▸ Work required: Look through the data below for the line with "2024年4月の平均スコアは" and the line with "Watercolour Orca tattoo", then transcribe exactly from the first through the second, leaving out all pictures.
** Opening Data for the task block **
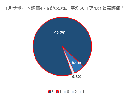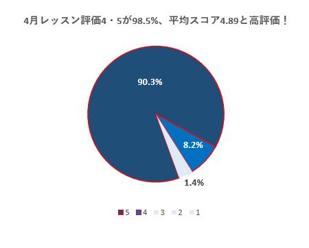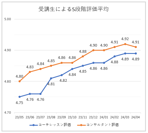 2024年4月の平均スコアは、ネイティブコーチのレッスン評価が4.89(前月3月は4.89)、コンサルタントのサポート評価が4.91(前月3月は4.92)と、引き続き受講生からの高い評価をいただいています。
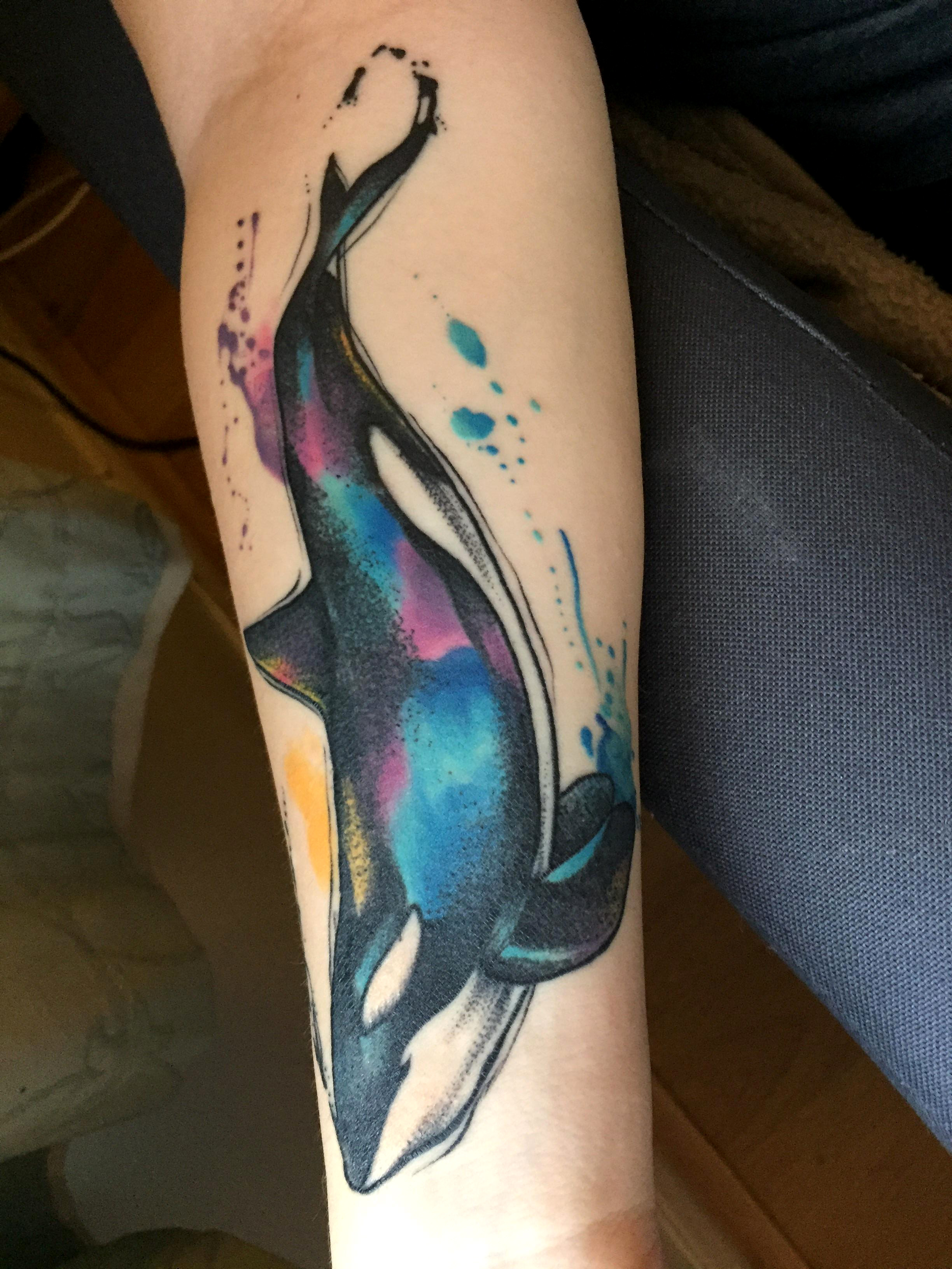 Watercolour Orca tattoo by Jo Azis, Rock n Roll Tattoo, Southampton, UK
** Closing Data for the task block **
** Opening Data for the task block **
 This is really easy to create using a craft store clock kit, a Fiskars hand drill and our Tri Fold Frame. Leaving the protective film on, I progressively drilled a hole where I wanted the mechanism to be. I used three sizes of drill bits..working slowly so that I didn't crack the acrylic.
** Closing Data for the task block **
▸ Response area:
 2024年4月の平均スコアは、ネイティブコーチのレッスン評価が4.89(前月3月は4.89)、コンサルタントのサポート評価が4.91(前月3月は4.92)と、引き続き受講生からの高い評価をいただいています。
 Watercolour Orca tattoo by Jo Azis, Rock n Roll Tattoo, Southampton, UK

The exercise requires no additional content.